==== Exercise data ====
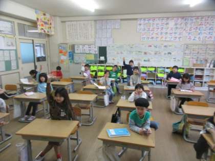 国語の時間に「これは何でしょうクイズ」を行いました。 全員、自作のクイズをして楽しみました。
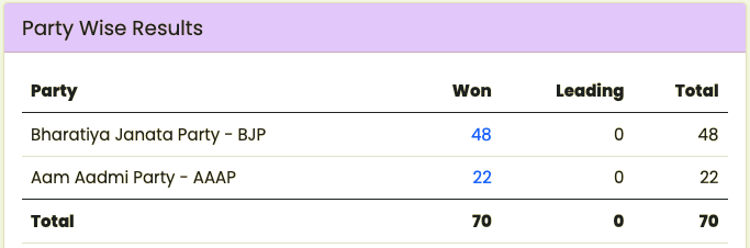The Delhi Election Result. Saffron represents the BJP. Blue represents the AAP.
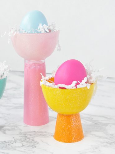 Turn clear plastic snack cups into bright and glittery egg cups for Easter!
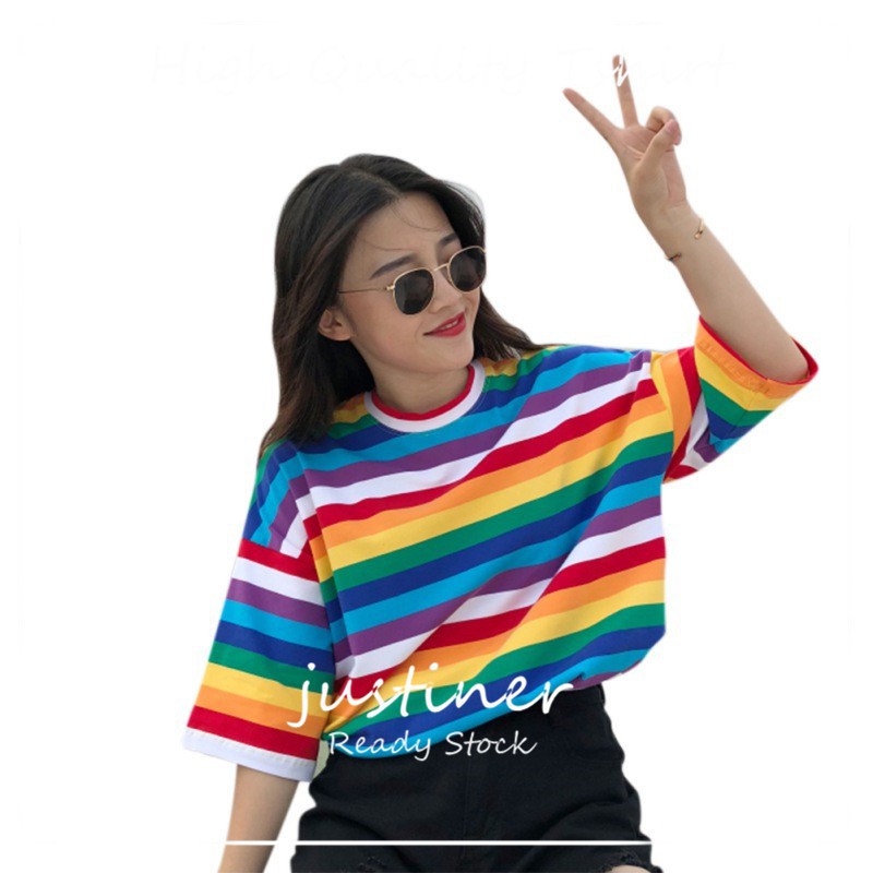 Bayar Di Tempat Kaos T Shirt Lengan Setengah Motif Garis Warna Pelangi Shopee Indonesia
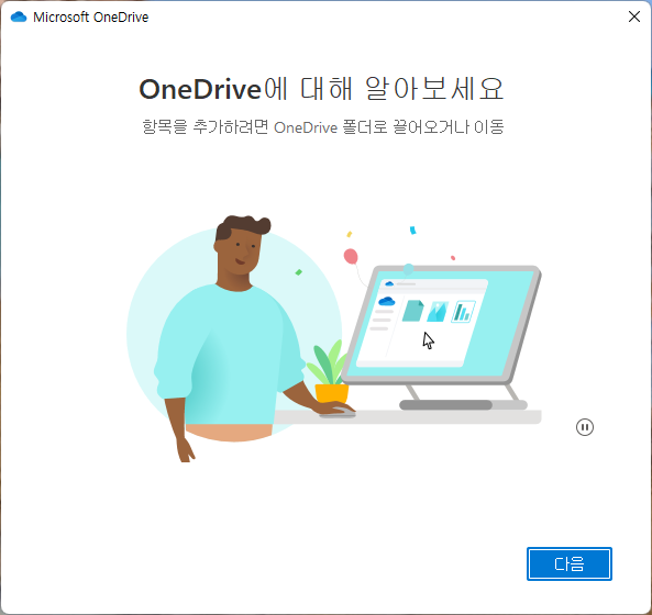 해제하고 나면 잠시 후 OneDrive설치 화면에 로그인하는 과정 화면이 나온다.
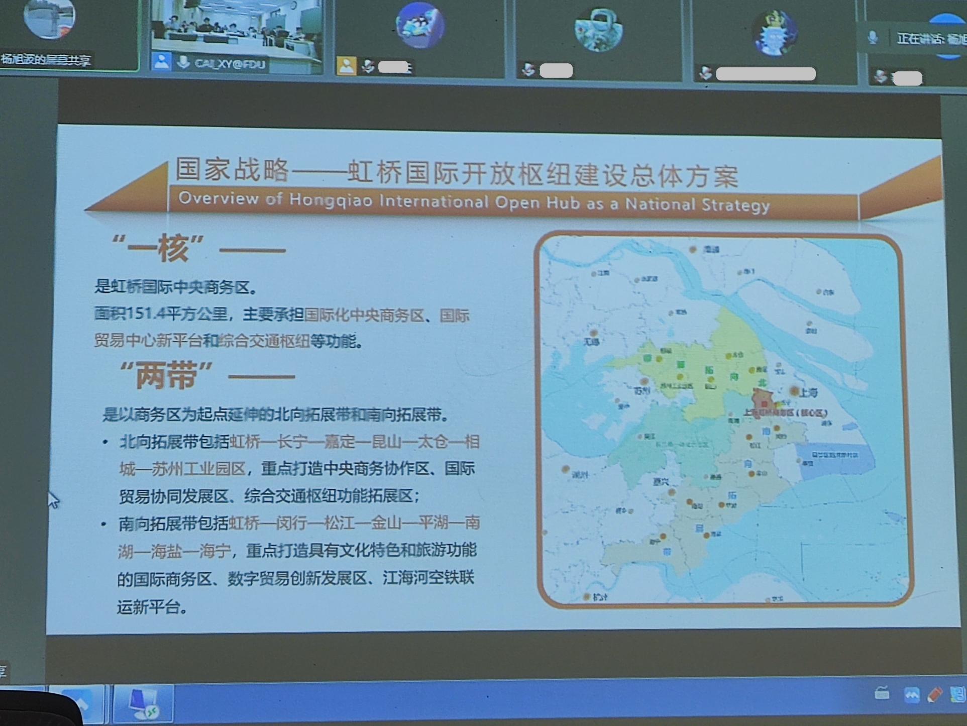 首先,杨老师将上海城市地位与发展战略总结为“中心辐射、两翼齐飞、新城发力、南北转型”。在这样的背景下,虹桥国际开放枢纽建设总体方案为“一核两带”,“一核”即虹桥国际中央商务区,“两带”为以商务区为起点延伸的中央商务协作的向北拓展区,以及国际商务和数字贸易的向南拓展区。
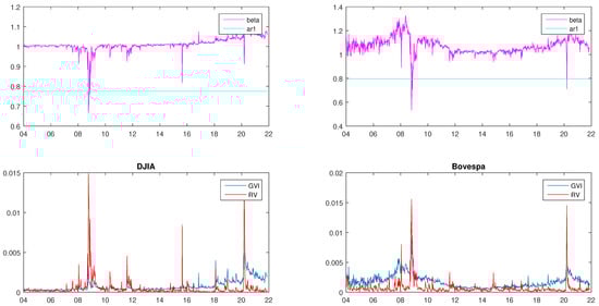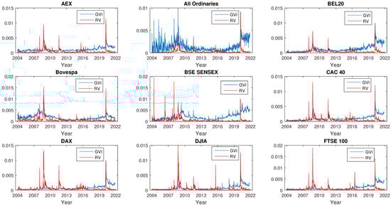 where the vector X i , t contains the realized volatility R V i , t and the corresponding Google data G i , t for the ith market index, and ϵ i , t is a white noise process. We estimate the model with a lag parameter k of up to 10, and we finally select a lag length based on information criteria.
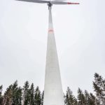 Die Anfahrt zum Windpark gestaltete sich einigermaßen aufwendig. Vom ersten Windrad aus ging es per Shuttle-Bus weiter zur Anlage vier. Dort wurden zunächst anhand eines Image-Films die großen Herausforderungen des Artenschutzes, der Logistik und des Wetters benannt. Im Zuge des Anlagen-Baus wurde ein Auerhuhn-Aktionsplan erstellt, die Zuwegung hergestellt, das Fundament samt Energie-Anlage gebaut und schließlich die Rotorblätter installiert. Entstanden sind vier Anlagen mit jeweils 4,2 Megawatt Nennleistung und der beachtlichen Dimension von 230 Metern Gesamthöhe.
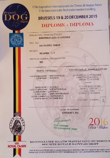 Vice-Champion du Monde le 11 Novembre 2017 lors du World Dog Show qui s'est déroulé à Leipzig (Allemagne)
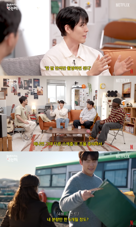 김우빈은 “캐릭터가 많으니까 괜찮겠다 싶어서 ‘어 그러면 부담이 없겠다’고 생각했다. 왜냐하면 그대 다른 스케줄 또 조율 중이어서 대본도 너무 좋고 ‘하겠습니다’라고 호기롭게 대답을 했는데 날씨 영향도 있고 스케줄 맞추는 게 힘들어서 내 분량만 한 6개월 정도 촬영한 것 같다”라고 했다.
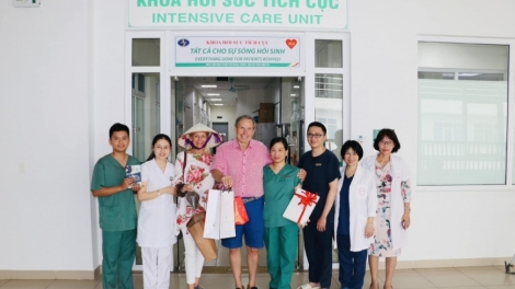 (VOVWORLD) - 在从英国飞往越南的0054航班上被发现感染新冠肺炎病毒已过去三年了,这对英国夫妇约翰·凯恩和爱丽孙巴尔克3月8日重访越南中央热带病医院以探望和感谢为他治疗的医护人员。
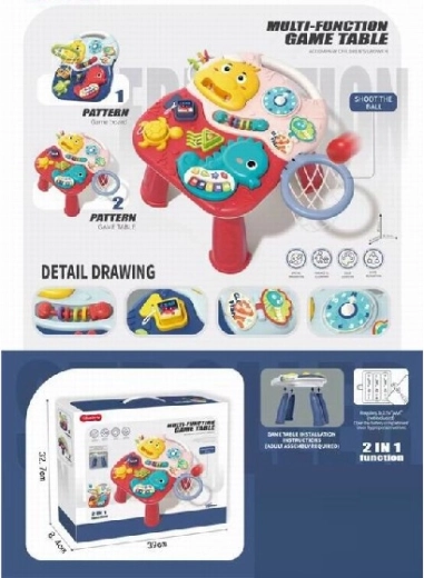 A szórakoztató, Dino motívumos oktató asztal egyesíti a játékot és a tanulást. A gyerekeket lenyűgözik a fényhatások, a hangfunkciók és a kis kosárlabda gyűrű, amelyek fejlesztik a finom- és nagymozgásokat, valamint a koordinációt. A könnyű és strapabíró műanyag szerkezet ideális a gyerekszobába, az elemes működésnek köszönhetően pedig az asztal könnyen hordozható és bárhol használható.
====
==== Exercise data ====
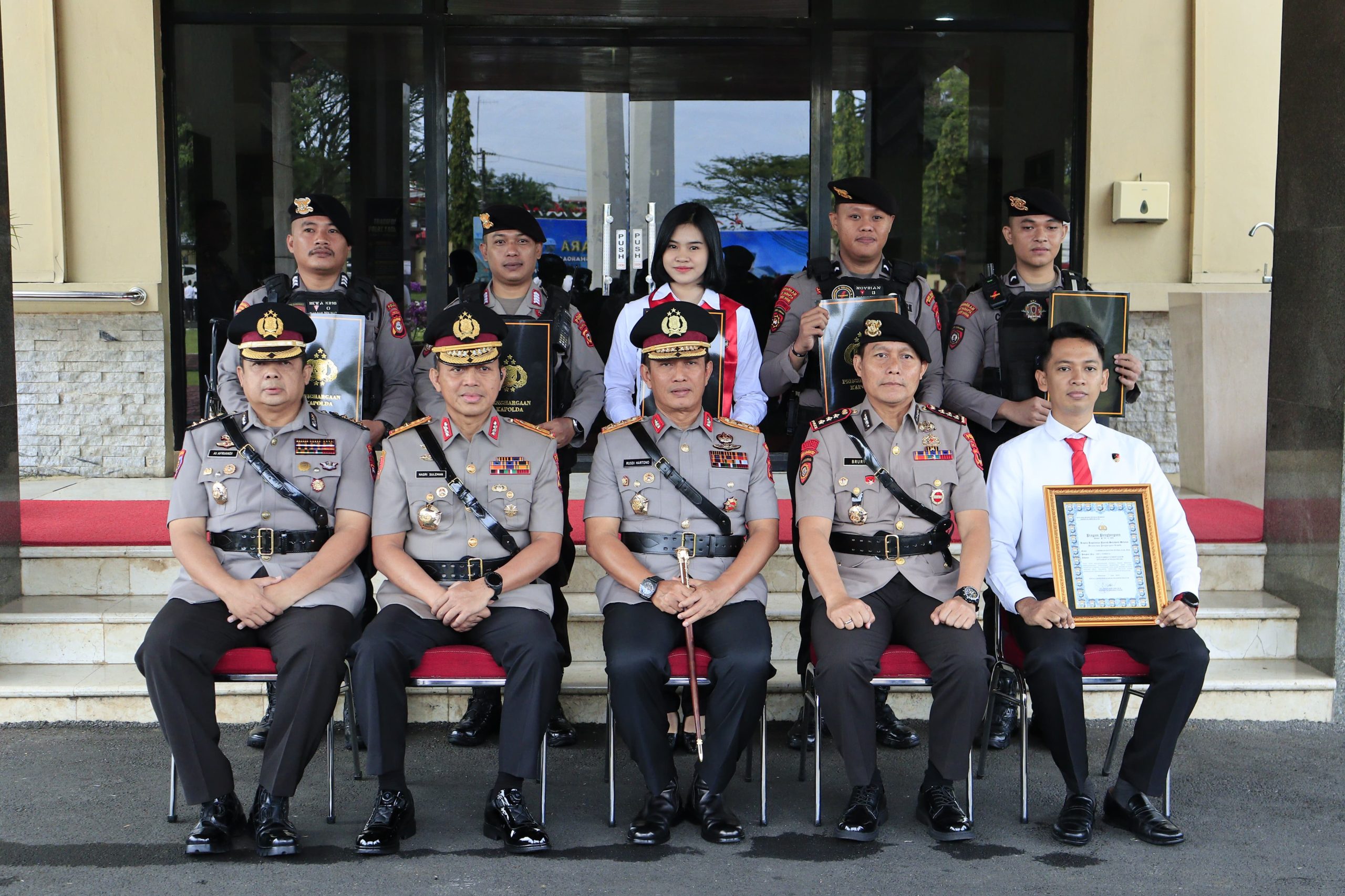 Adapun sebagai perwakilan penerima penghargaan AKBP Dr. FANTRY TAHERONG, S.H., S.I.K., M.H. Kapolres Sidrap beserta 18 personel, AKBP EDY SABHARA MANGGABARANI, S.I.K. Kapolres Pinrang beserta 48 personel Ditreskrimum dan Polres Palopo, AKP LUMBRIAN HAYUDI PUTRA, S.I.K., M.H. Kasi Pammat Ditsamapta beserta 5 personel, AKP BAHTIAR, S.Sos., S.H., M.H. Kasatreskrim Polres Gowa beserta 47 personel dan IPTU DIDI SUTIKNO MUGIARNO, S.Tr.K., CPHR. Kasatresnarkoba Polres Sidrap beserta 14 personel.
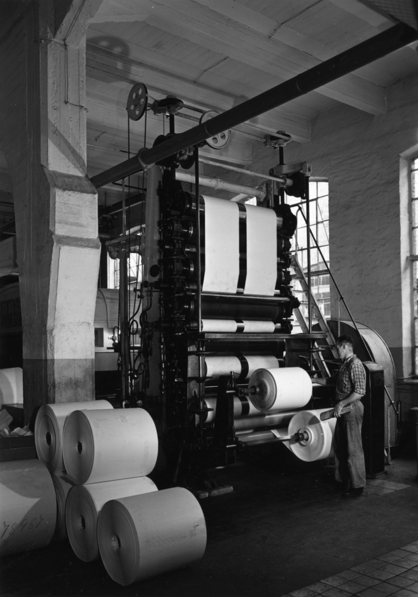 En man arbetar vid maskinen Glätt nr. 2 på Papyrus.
====
==== Exercise data ====
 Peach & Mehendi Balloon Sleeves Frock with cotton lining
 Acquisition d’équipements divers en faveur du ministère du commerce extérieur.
====
> [What the task requires]: Reproduce exactly the lines above that run from the one with "国語の時間に「これは何でしょ" to the one with "Vice-Champion du Monde", both included, leaving pictures out.

> [Expected output]:
 国語の時間に「これは何でしょうクイズ」を行いました。 全員、自作のクイズをして楽しみました。
The Delhi Election Result. Saffron represents the BJP. Blue represents the AAP.
 Turn clear plastic snack cups into bright and glittery egg cups for Easter!
 Bayar Di Tempat Kaos T Shirt Lengan Setengah Motif Garis Warna Pelangi Shopee Indonesia
 해제하고 나면 잠시 후 OneDrive설치 화면에 로그인하는 과정 화면이 나온다.
 首先,杨老师将上海城市地位与发展战略总结为“中心辐射、两翼齐飞、新城发力、南北转型”。在这样的背景下,虹桥国际开放枢纽建设总体方案为“一核两带”,“一核”即虹桥国际中央商务区,“两带”为以商务区为起点延伸的中央商务协作的向北拓展区,以及国际商务和数字贸易的向南拓展区。
 where the vector X i , t contains the realized volatility R V i , t and the corresponding Google data G i , t for the ith market index, and ϵ i , t is a white noise process. We estimate the model with a lag parameter k of up to 10, and we finally select a lag length based on information criteria.
 Die Anfahrt zum Windpark gestaltete sich einigermaßen aufwendig. Vom ersten Windrad aus ging es per Shuttle-Bus weiter zur Anlage vier. Dort wurden zunächst anhand eines Image-Films die großen Herausforderungen des Artenschutzes, der Logistik und des Wetters benannt. Im Zuge des Anlagen-Baus wurde ein Auerhuhn-Aktionsplan erstellt, die Zuwegung hergestellt, das Fundament samt Energie-Anlage gebaut und schließlich die Rotorblätter installiert. Entstanden sind vier Anlagen mit jeweils 4,2 Megawatt Nennleistung und der beachtlichen Dimension von 230 Metern Gesamthöhe.
 Vice-Champion du Monde le 11 Novembre 2017 lors du World Dog Show qui s'est déroulé à Leipzig (Allemagne)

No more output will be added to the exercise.